**What to produce**
Reproduction of part of the material below, pictures omitted: copy exactly, and only, the lines starting with the one with "Tracing Rectangular Patio" and going on through the one with "Bisiklet Yaka T Kol Kazak Kahve Bisiklet".

**The data**

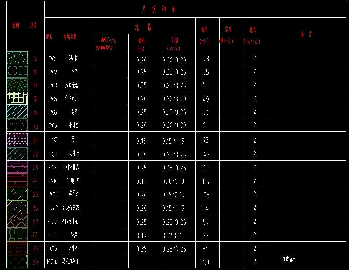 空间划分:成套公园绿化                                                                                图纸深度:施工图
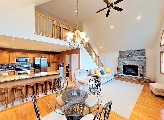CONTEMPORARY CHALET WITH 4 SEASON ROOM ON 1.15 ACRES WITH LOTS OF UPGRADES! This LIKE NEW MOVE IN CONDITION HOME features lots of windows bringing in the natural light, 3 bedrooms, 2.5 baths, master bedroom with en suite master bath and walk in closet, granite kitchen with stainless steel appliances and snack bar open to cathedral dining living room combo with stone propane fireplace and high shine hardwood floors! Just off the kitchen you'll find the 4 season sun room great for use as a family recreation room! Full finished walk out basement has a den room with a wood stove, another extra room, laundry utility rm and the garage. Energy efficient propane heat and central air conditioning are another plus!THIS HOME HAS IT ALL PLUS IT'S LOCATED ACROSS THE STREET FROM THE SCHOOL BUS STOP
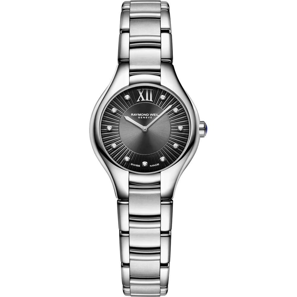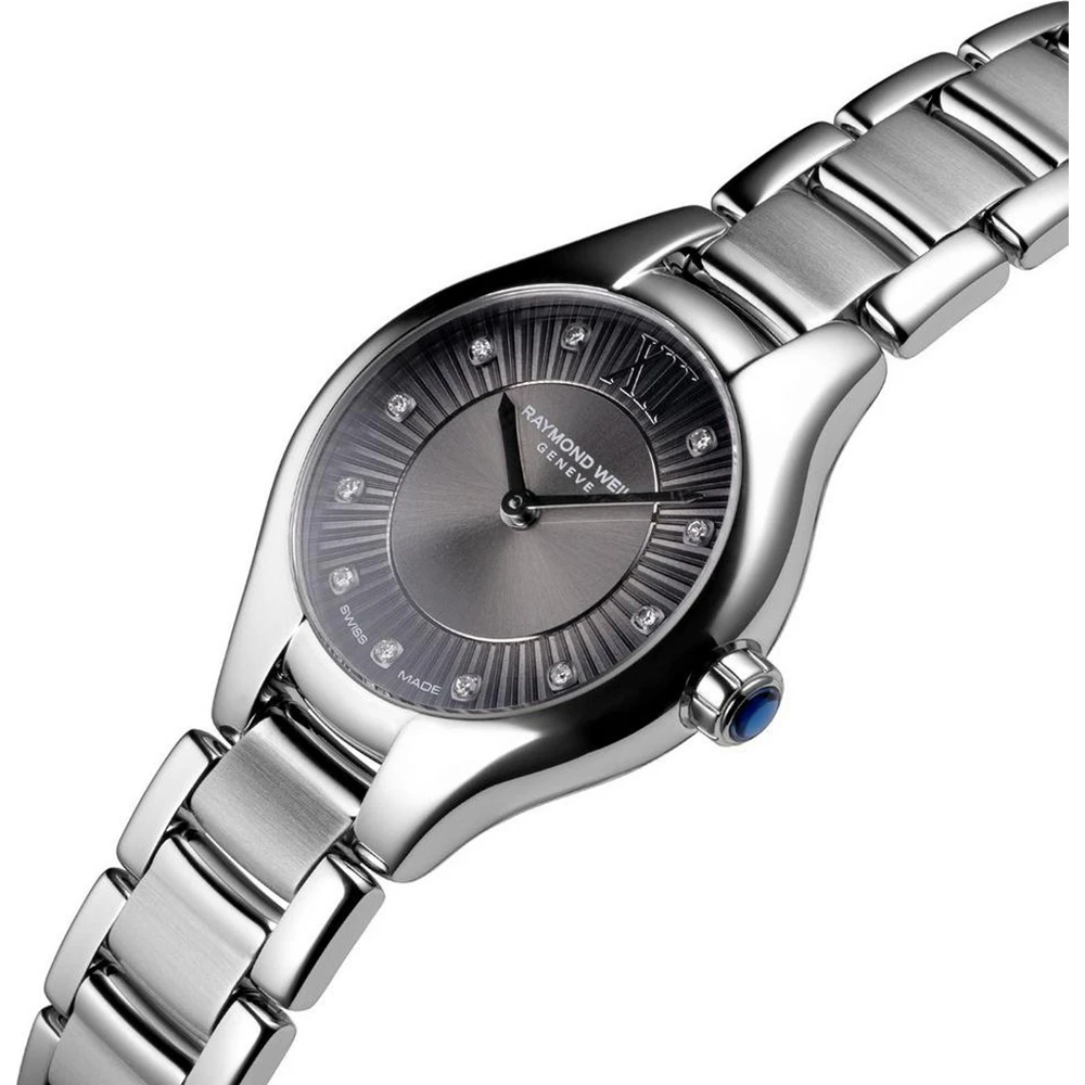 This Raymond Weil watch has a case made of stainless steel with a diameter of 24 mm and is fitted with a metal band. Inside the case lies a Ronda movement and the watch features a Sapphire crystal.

* * *

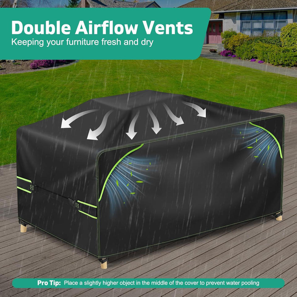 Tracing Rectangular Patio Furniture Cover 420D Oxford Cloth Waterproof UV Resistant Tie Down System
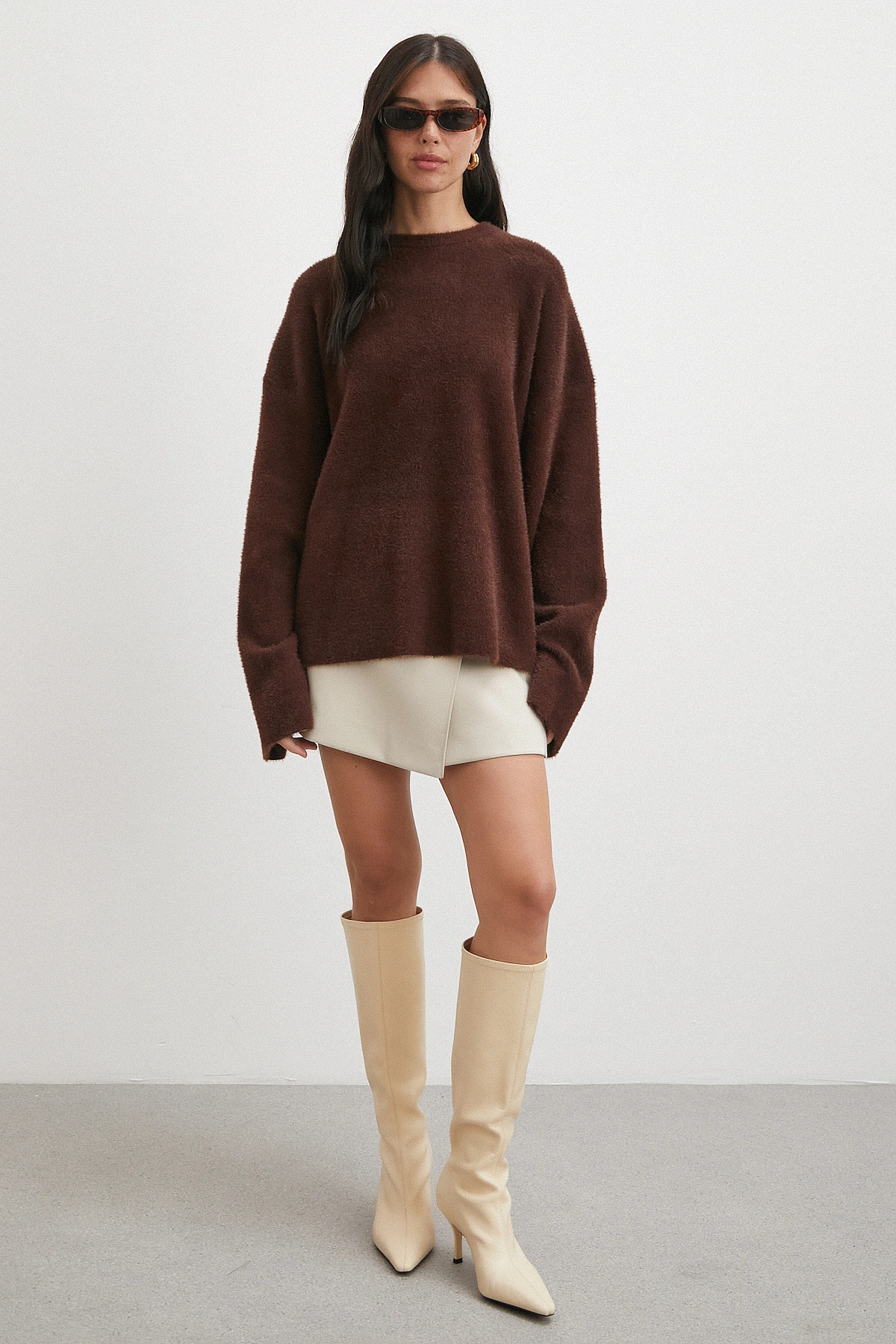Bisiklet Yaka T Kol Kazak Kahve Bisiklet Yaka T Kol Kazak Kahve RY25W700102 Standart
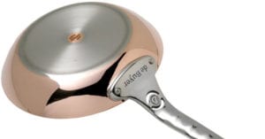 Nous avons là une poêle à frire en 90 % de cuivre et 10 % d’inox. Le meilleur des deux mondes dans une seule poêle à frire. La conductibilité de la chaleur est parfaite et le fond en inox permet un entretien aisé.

**Solution**
 Tracing Rectangular Patio Furniture Cover 420D Oxford Cloth Waterproof UV Resistant Tie Down System
Bisiklet Yaka T Kol Kazak Kahve Bisiklet Yaka T Kol Kazak Kahve RY25W700102 Standart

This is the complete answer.